OBJECTIVE: We aim to describe common fallacies regarding cellulitis. We present 10 myths that result in misdiagnosis, overtreatment, or inappropriate empiric management of cellulitis. Clinical presentation, including swelling and redness, is explored in depth, along with incidence of community-acquired methicillin-resistance Staphylococcus aureus, management of tick bites, and effective antibiotic therapy for cellulitis. DISCUSSION: Patients are often treated for cellulitis unnecessarily or inappropriately. Awareness of these myths will help guide providers in clinical decision making in order to effectively tailor treatment for these infections.
CONCLUSIONS: Cellulitis is not as simple as it might seem, and is commonly misdiagnosed in the ED. Noninfectious causes of local symptoms, including lymphedema, venous stasis, and deep vein thrombosis need to be considered.
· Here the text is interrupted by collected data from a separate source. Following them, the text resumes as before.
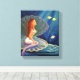 Apresentando meu acrílico na pintura de canvas de uma sereia ruiva sentada em seu porto submarino.
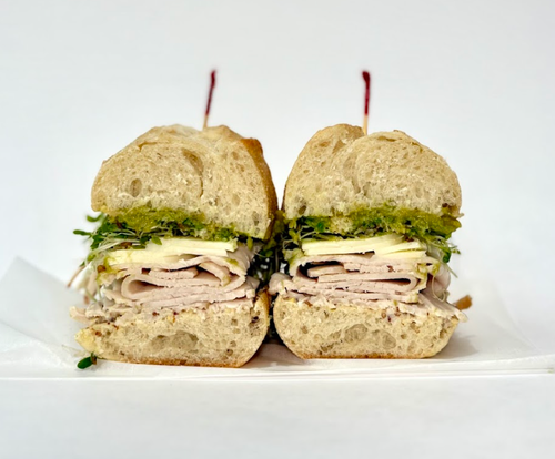 Baguette, Smoked Turkey, Avocado, Provolone Cheese, Sprouts, Creamy Whole Grain Mustard
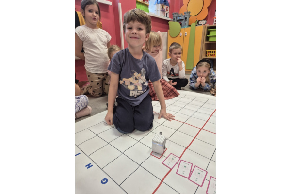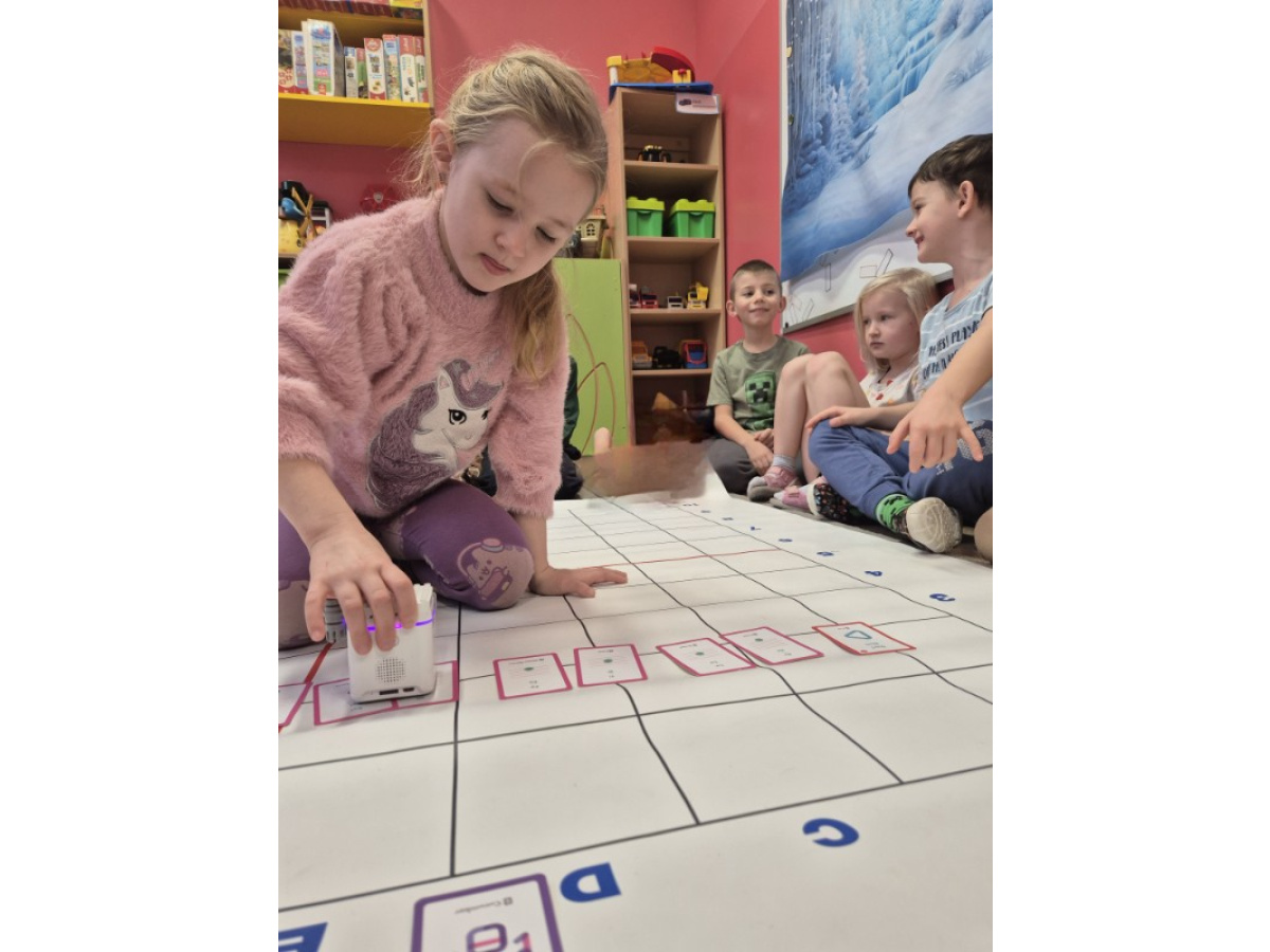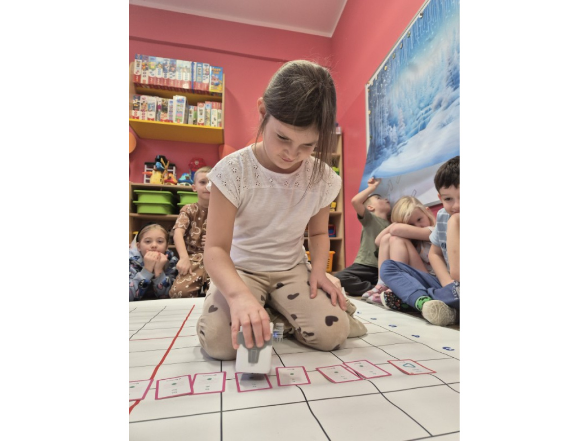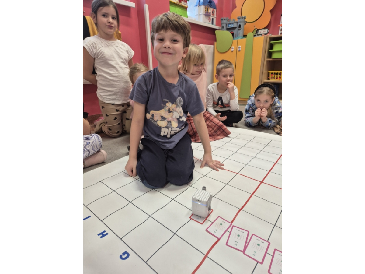 Podczas zajęć z GeniBotem Świetliki rozwijały umiejętności logicznego myślenia, kreatywności i współpracy. Dzieci poznawały podstawy programowania poprzez zabawę, kierując robotem i obserwując efekty swoich działań.
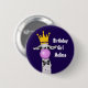 Bouton fille d'anniversaire avec un lama géant soufflant une grande bulle rose. Portant une couronne d'or et une cravate d'arc noir. Arrière - plan violet foncé.
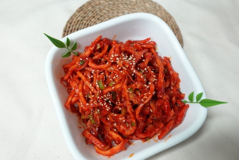 평소에 매운 음식을 많이 섭취하는 분들은 밑반찬 하나도 매콤하게 드시기 때문에 볶음 요리 또한 매콤하게 드시는 걸 선호하신다. 고추를 고명처럼 올려 두어도 좋다. 양파나 기타 다른 재료는 넣지 않는데 이유는 채수가 나오기 때문이다. 하여 어떤 오징어채볶음 요리에도 양파나 파, 당근을 넣지 않고, 오직 오징어채만 넣어 볶는 이유가 바로 거기 있다.
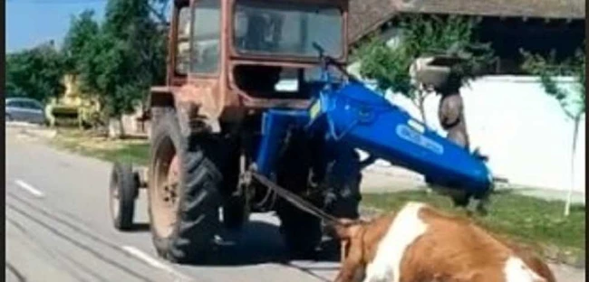 VIDEO Vacă legată în urma tractorului şi târâtă cu forţa pentru că nu se mai putea ridica. Scena oribilă, filmată în Timiş
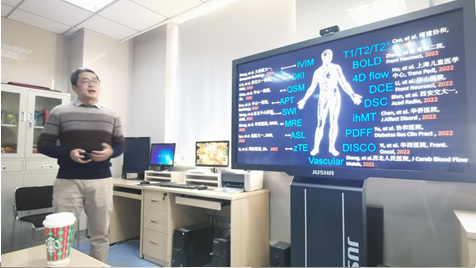 高质量发展的节奏,1月6日上午,利用晨交班的时间,邀请磁共振科研专家来科室进行RSNA新技术及其临床应用的讲座与交流。磁共振室所有医生、技术骨干、进修生、规培生等40余人参加。
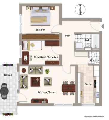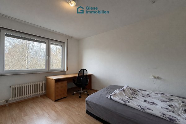 Das großzügige Wohnzimmer bildet den Mittelpunkt der Wohnung und bietet ausreichend Platz, um einen Wohn- und Essbereich in einem Raum zu integrieren. Von hier aus gelangt man auf den Balkon, der mit einem schönen Blick auf den angrenzenden Wald einlädt.
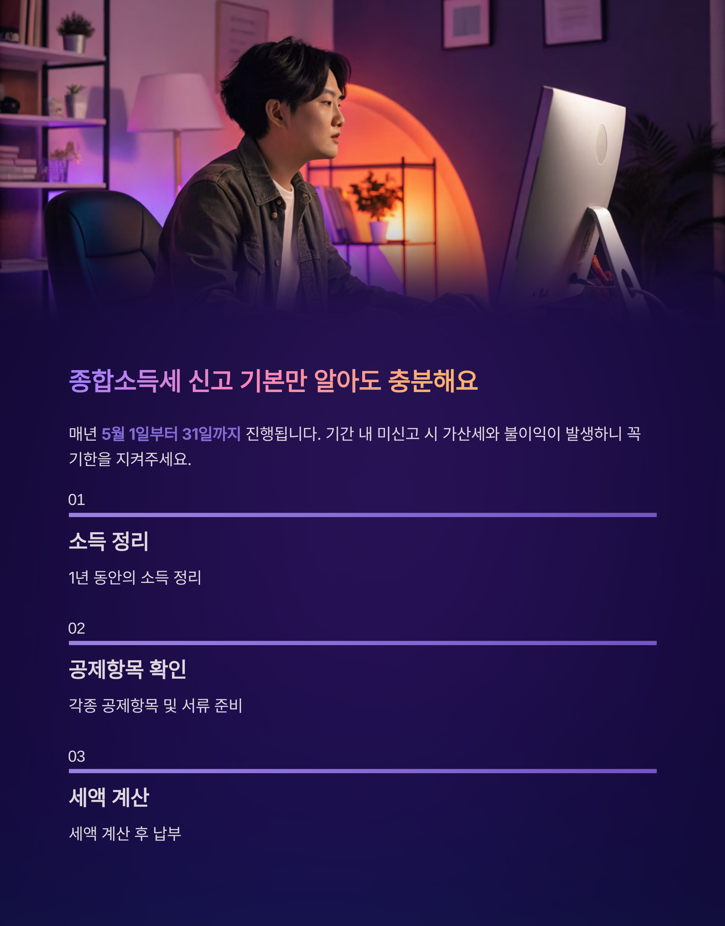 종합소득세 신고는 매년 5월 1일부터 31일까지 진행됩니다.
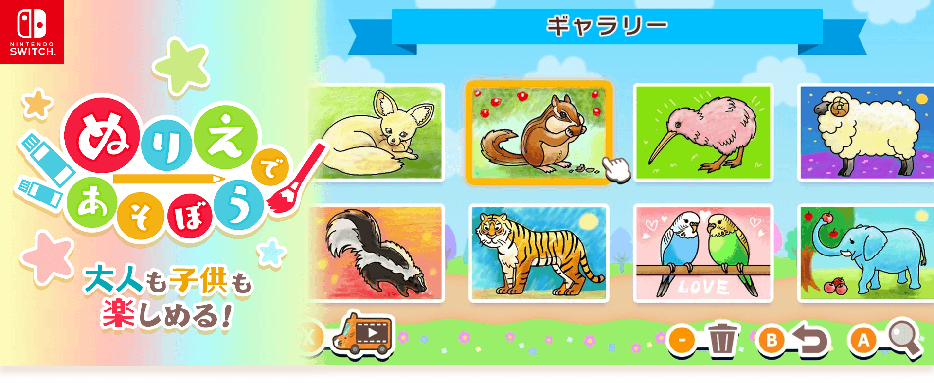 Nintendo Switchダウンロード販売「ぬりえであそぼう」シリーズの広報アカウントです🖌🌟
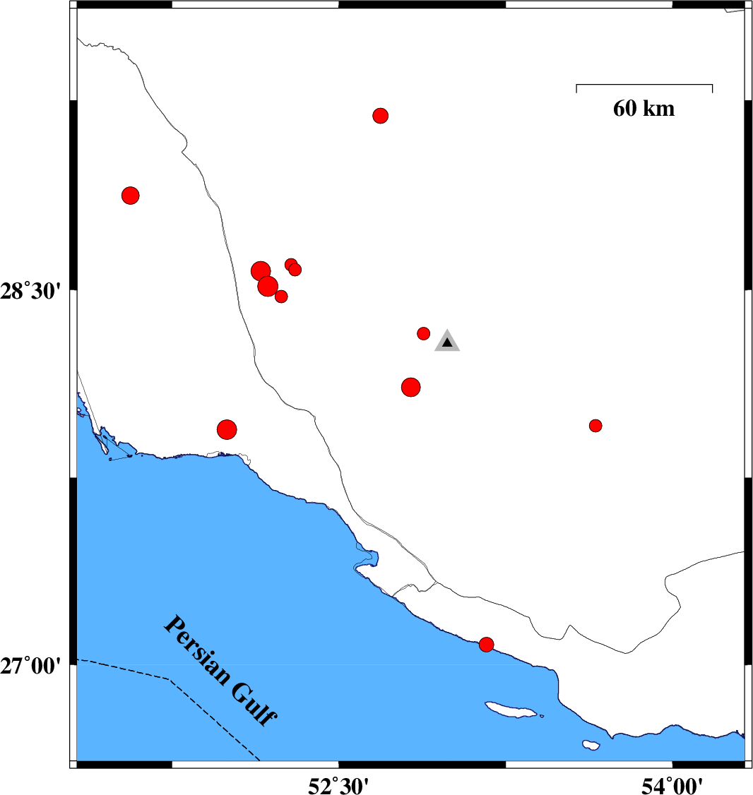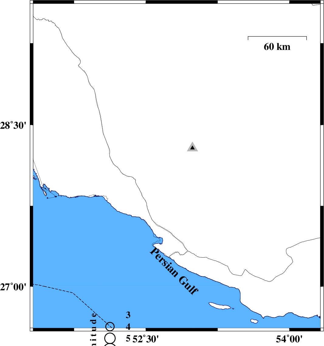Bushehr Province, 14 km North of Bandar-e kangan | |
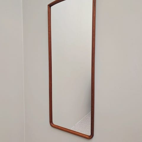 Spejl massiv teak med kobberindlæg fuldfigur.
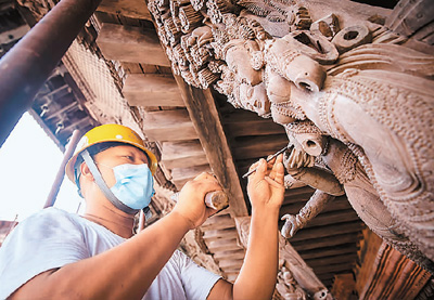 2022年,在國家文物局的指導(dǎo)下,中國文化遺產(chǎn)研究院援助尼泊爾工作隊經(jīng)過近5年努力,圓滿完成尼泊爾加德滿都杜巴廣場九層神廟建筑群文物本體維修。圖為2022年7月,工人在尼泊爾加德滿都進行九層神廟建筑群修復(fù)工作。
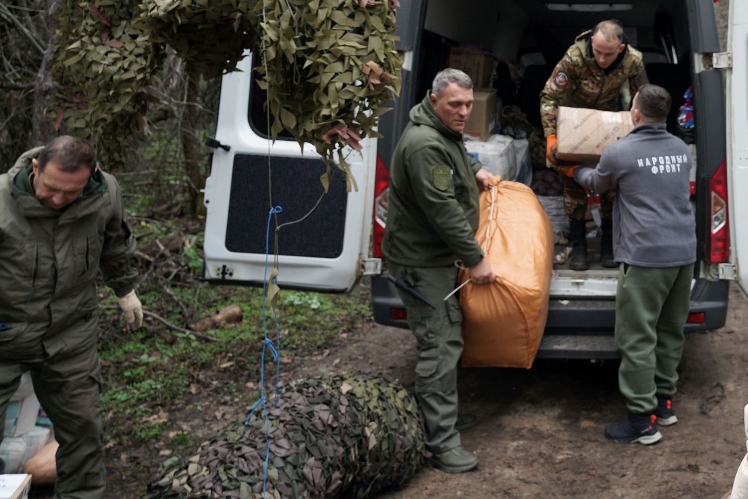 Затем путь волонтёров и гуманитарного груза лежал к отряду «Штурм».
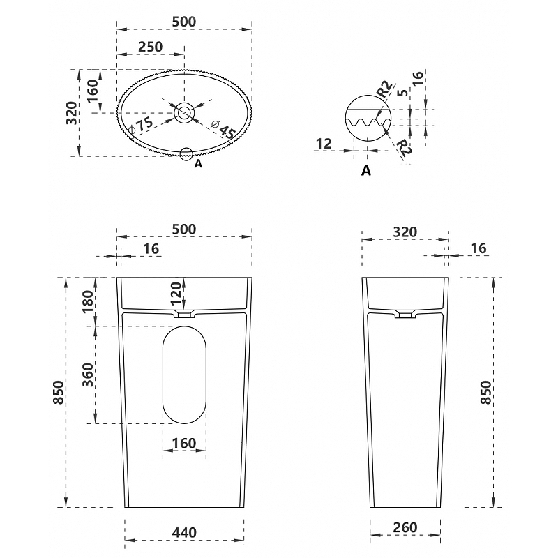 - Размеры (ШхВхГ): 500х850х320 мм.

Cellulitis should be treated with empiric antimicrobial therapy based on patient risk factors and regional susceptibility patterns. This review will assist providers in managing cellulitis and avoiding treatment errors that lead to high costs, unwanted side effects for patients, and overuse of antibiotics.
Copyright © 2017 Elsevier Inc. All rights reserved.

Entities:  

Keywords:  CA-MRSA; acute bacterial skin and skin structure infections; antimicrobial; cellulitis; diagnosis; stewardship; treatment

Mesh:

Substances:

Year:  2017        PMID: 28684060     DOI: 10.1016/j.jemermed.2017.05.007

Source DB:  PubMed          Journal:  J Emerg Med        ISSN: 0736-4679            Impact factor:   1.484


  1 in total

Review 1.  Antimicrobial Stewardship in the Emergency Department.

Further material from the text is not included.